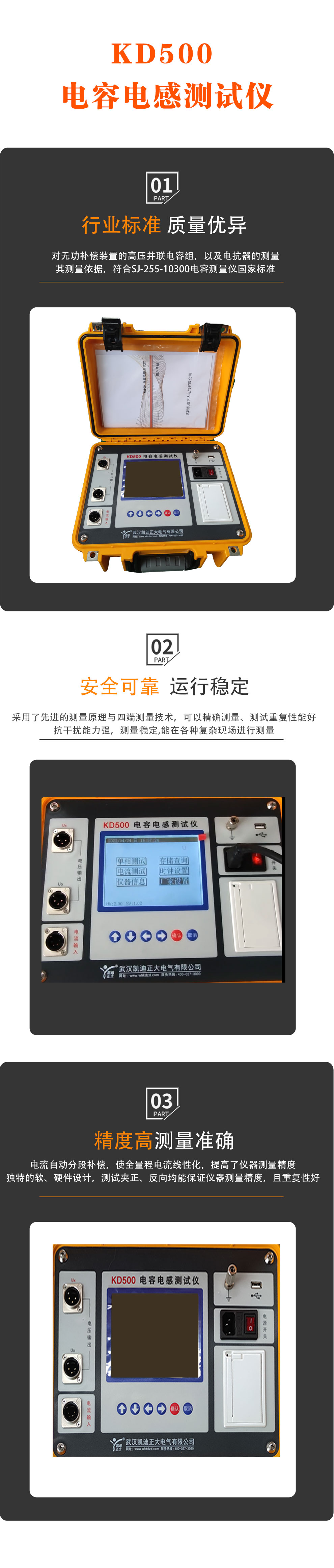 KD-500智能電容電感測試儀要是對(duì)無功補(bǔ)償裝置的高壓并聯(lián)電容組,以及電抗器的測量,其測量依據(jù),符合SJ-255-10300電容測量儀國家標(biāo)準(zhǔn)。針對(duì)變電站現(xiàn)場高壓并聯(lián)電容器組測量時(shí)存在的問題而專門研制。
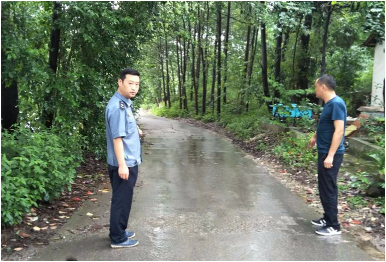 (市運(yùn)管所股長鄧銳查看東普村路段路面情況)
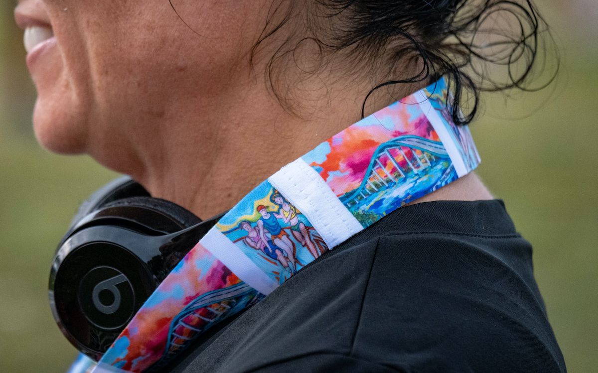 The medal ribbon for the First State Bank Key Largo Bridge Run Half Marathon & 4 Mile Run/Walk was created by local artist Carmen Sotolongo Kelley and is pictured here on runner Claudia Stober.
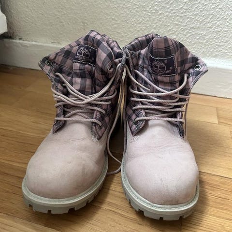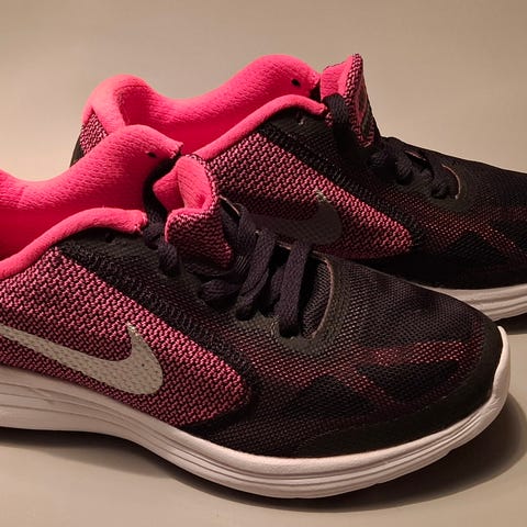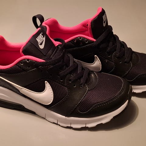 Reebok sneakers i storlek 35, rosa färg. Skorna har hög modell med vadderad ankel och dubbla kardborreband samt snörning framtill. Yttermaterialet är syntetiskt med en gummisula som ger grepp.
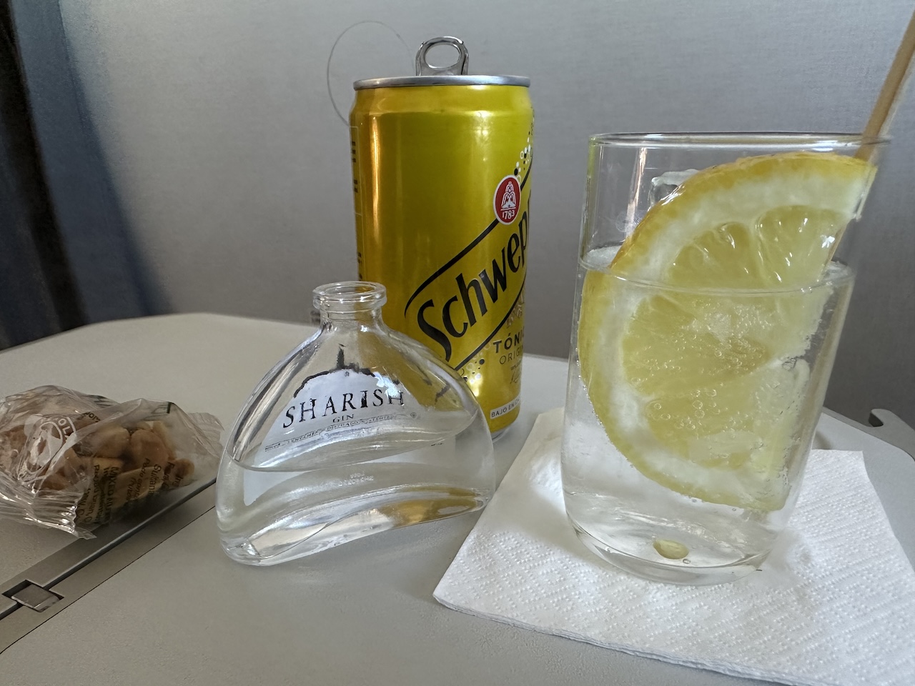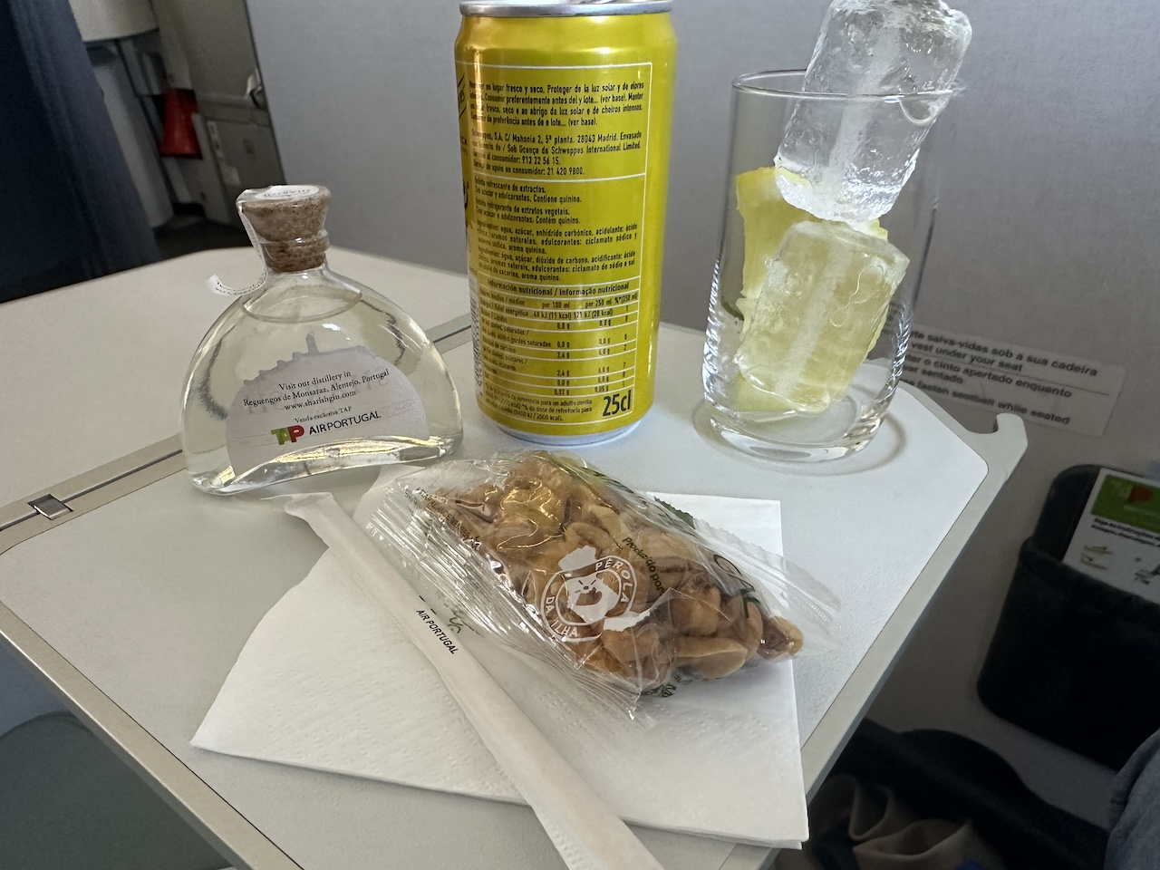 Ich bestellte einen Gin Tonic (der Gin wird übrigens für TAP kreiert), dazu gab es Nüsse.
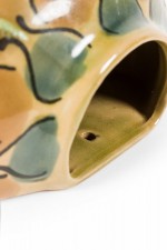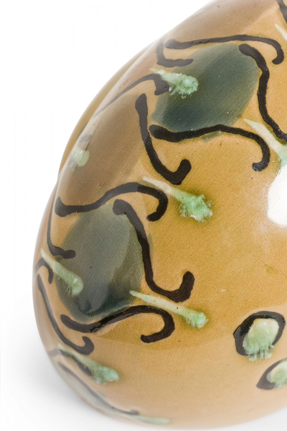 Russian Mid-Century wall mounted ceramic vase with a geometric green and black pattern over a brown glazed ground. (Stamp on back, see photos)
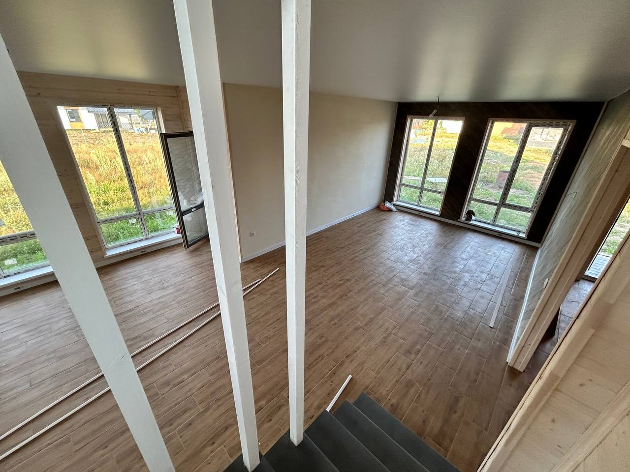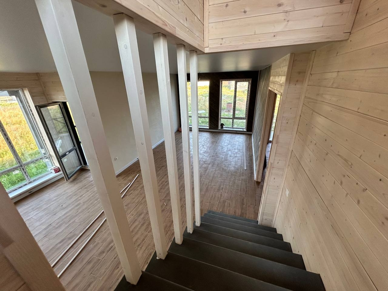 2й этаж: три комнаты, имеют большие панорамные окна, которые обеспечивают больше света, санузел.
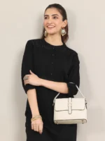 Home Kurta Set Black Solid Cotton Straight Kurta
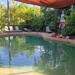 Wir haben in Mataranka einen richtig coolen Stellplatz (wie in einem Dschungelcamp) gefunden. Hier sind nicht nur die unglaublichen warmen Quellen, sondern auch einLes mer
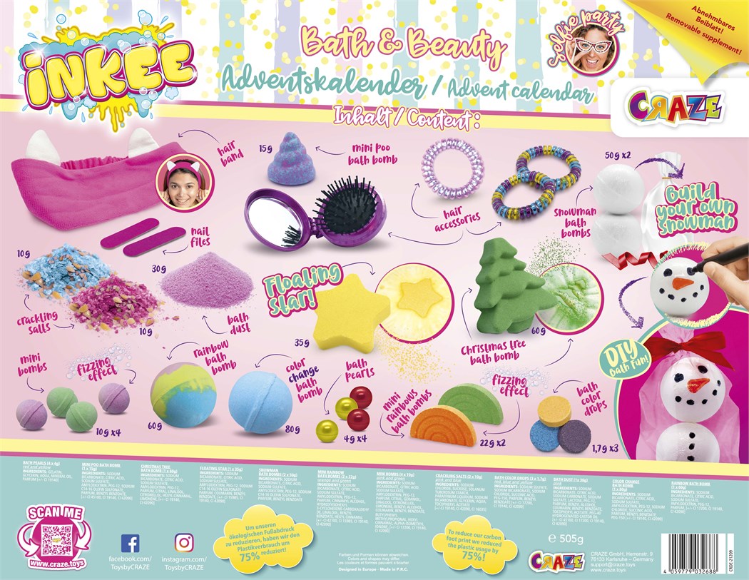 Mit dem Craze Adventskalender Inkee Badespass macht die Weihnachtszeit noch mehr Spass. Jeden Tag gibts eine Überraschung insgesamt 24 verschiedene Artikel aus den Bereichen Schönheit und Badespass Perfekt als Geschenkidee!
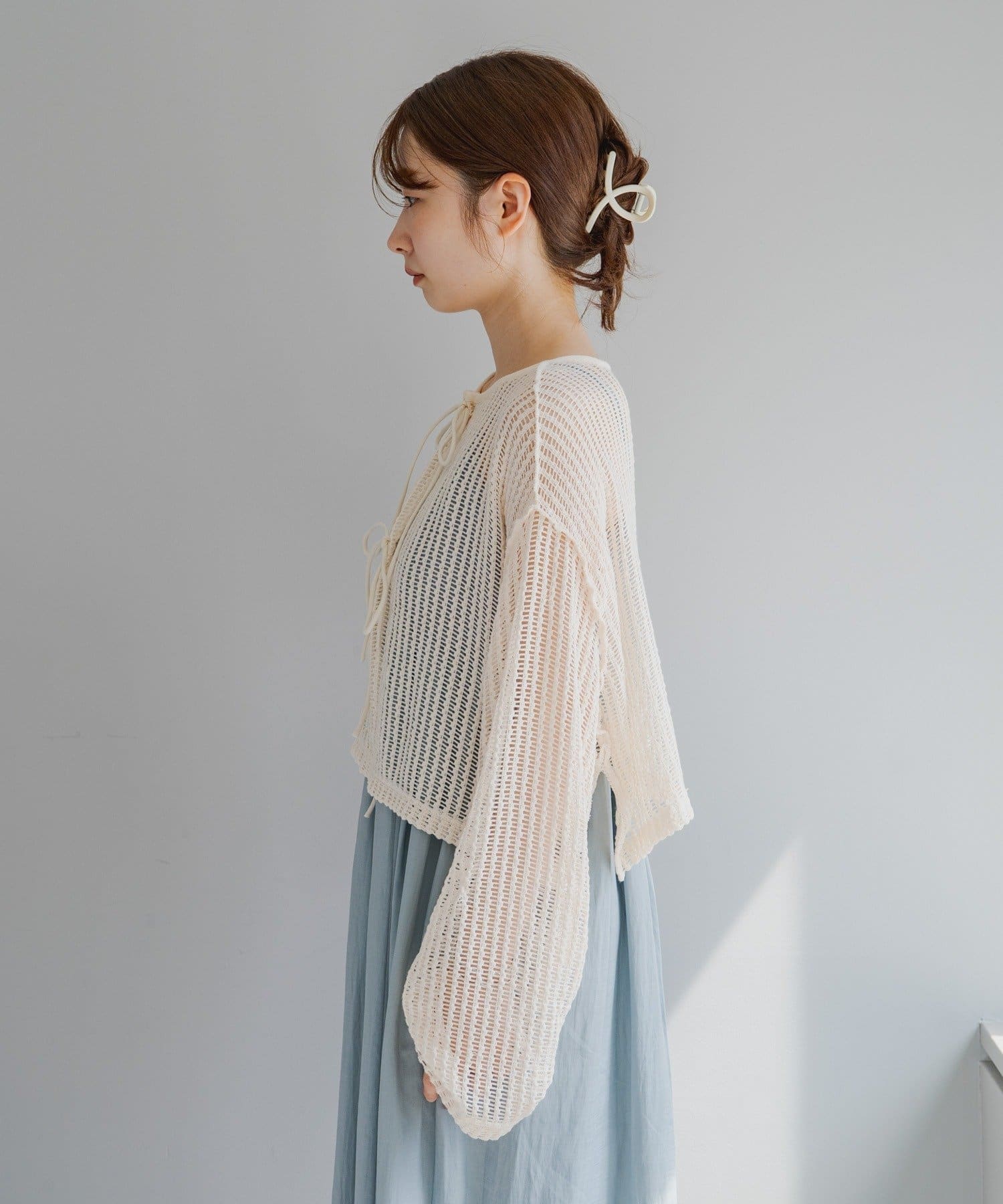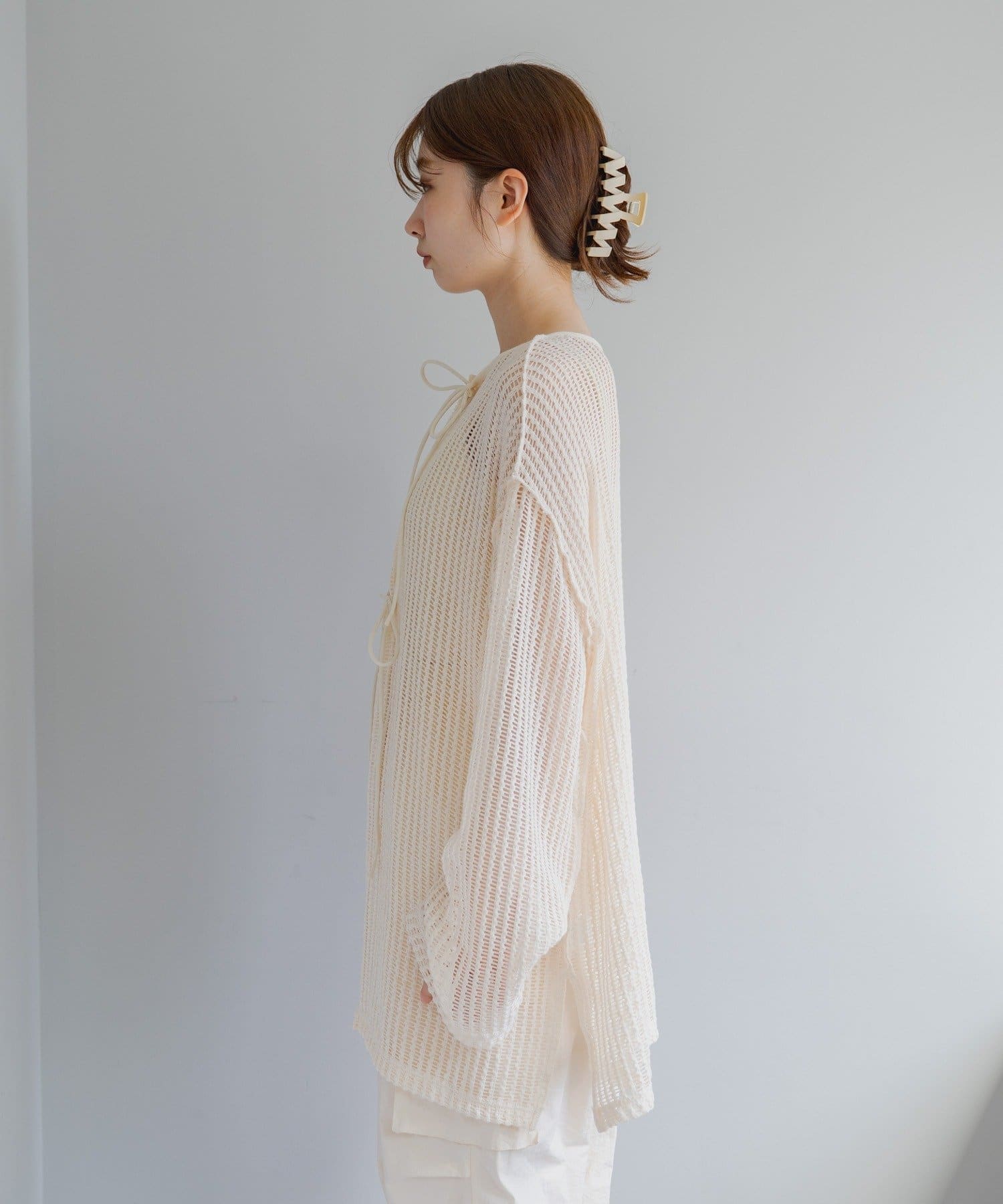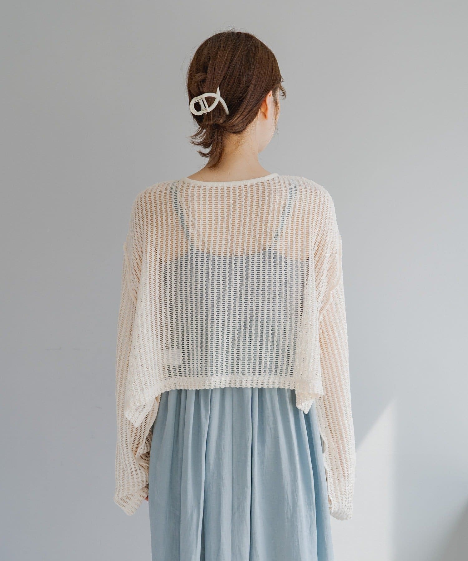 ざっくり編みで透け感があり程よく肌見せでき、これから暑くなる季節に嬉しい生地感です。
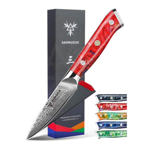 SANMUZUO Schälmesser 9 cm - Japanisches Officemesser - VG 10 Damaskus Stahl - Harzgriff in Sonnenuntergang Rot - ideal für Obst und Gemüse.
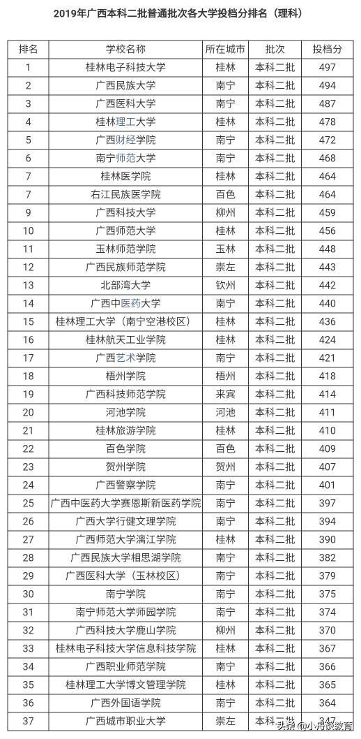 说明:自2015年开始,广西高考本科二批、三批合并为本科二批招生,以下数据包含曾经三批招生的学校,也有些大学的部分专业也在本科二批招生。这里的数据为各高校本科二批招生专业的最低投档分。
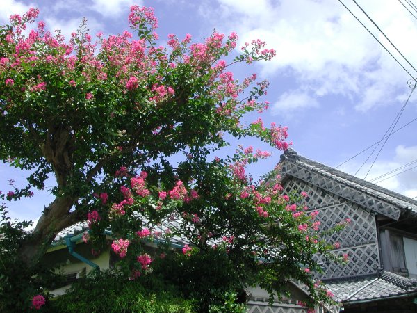 - 松崎らしい風景です。 サルスベリの花と、なまこ壁が調和していい雰囲気です。
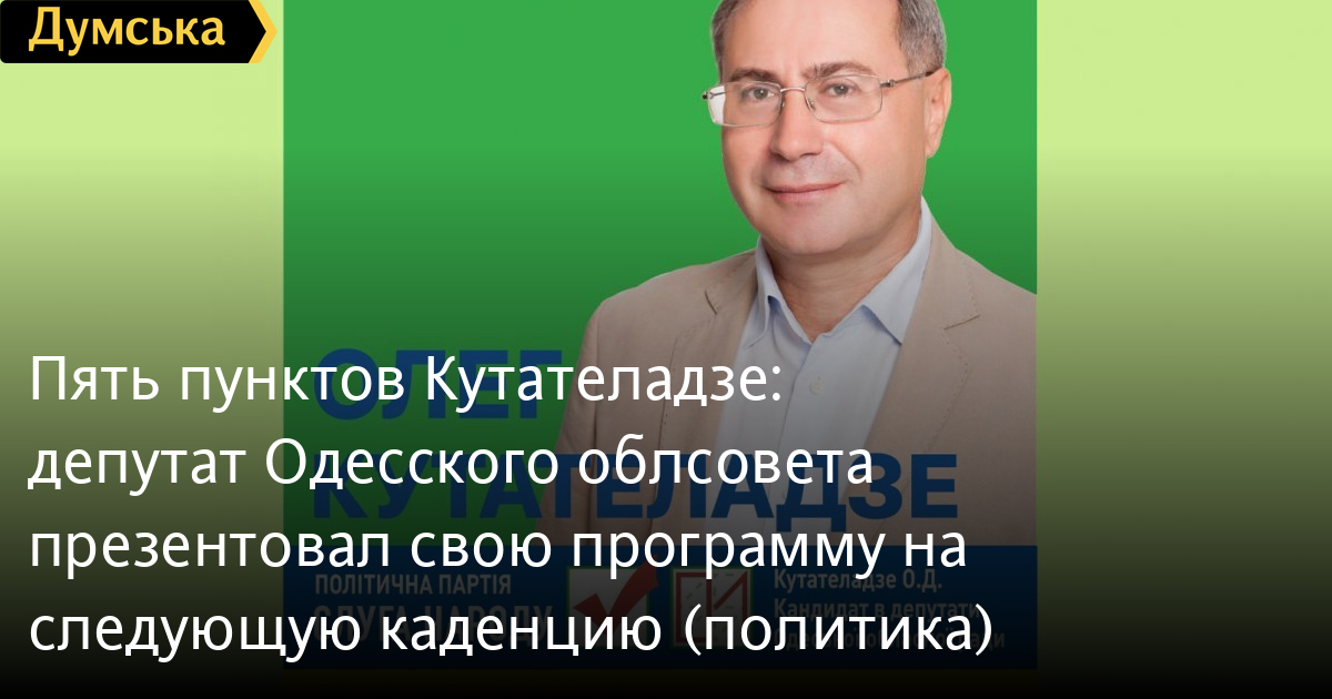 Пять пунктов Кутателадзе: депутат Одесского облсовета презентовал свою программу на следующую каденцию (политика)Депутат Одесского областного совета и кандидат в депутаты от партии «Слуга народа» Олег Кутателадзе представил свою программу. Программа состоит из пяти главных пунктов: «1. Качественная инфраструктура — фундамент развития общества. Современная громада должна быть обеспечена предоставлением качественных услуг, необходимых для комфортной жизни жителей: вода, отопление, газ и электроэнергия. Вновь созданные громады пытаются поддерживать существующие коммуникации в рабочем состоянии. Работая в Одесском областном совете, мы с вами реализуем проекты софинансирования строительства обновленных коммуникаций в варианте «громада — область — государство». Развитие коммунальной сферы даст значительный толчок к привлечению инвестиционных проектов, обеспечит громады новыми рабочими местами и поступлениями средств в бюджет. 2. Безопасная громада — комфортная громада. Вопрос безопасности — один из главных в жизнедеятельности любого населенного пункта. Каждый гражданин должен чувствовать себя безопасно на улицах своего города и у себя дома. Мы будем уверены в безопасности наших детей, когда они передвигаются по улицам населенного пункта, не будем переживать за близких, которые поздно возвращаются домой с работы по освещенным улицам, с комфортными пешеходными зонами. Все это возможно реализовать путем привлечения средств инвесторов и бюджетных средств, при участии областного совета и Верховной Рады. 3. Образование — будущее успешной страны. Образование — одна из фундаментальных потребностей общества, которая гарантирует развитие человека и громады. Современные методы воспитания и обучения станут залогом развития каждого населенного пункта. Дети будут учиться в современных школах в комфортных условиях. Воспитатели и учителя — люди, которые посвятили свою жизнь нашим детям. Сотрудничая с органами местного самоуправления, мы будем искать возможности улучшения условий их труда и повышения их уровня жизни педагогов. 4. Транспортное сообщение — возможности развития громады. Каждый гражданин на себе лично чувствует улучшение качества автодорог государственного значения. Важным остается вопрос состояния асфальтового покрытия в самих населенных пунктах и подъездные пути от сел и поселков к большим магистралям. Решение этой проблемы заключается в проектах софинансирования с бюджетами разных уровней. Мы будем привлекать внимание органов власти на всех уровнях для поиска средств на развитие качественной транспортной инфраструктуры. Дороги — старт для развития сети сообщения между населенными пунктами общественным транспортом. Улучшение асфальтового покрытия позволит обеспечить автобусное сообщении так, как того требуют сами жители (увеличение количества рейсов и остановок транспорта, новые маршруты). 5. Экология — здоровье украинцев. Сохранение и восстановление экологии очень важно для будущего каждого украинца. Мы — то, чем мы дышим, что пьем и едим. Каждый должен иметь возможность оздоровиться на территории наших природных здравниц. Уже сделано немало для спасения и восстановления Куяльницкого и Тилигульского лиманов». Кутателадзе отмечает, что лично выделил 300 тыс. грн из собственных средств

**TASK DETAILS**
Look above for the line with "2й этаж: три к" and the line with "Wir haben in", then restate exactly those two lines and all lines between them, with no pictures.

**RESPONSE TO THIS TASK**
 2й этаж: три комнаты, имеют большие панорамные окна, которые обеспечивают больше света, санузел.
 Home Kurta Set Black Solid Cotton Straight Kurta
 Wir haben in Mataranka einen richtig coolen Stellplatz (wie in einem Dschungelcamp) gefunden. Hier sind nicht nur die unglaublichen warmen Quellen, sondern auch einLes mer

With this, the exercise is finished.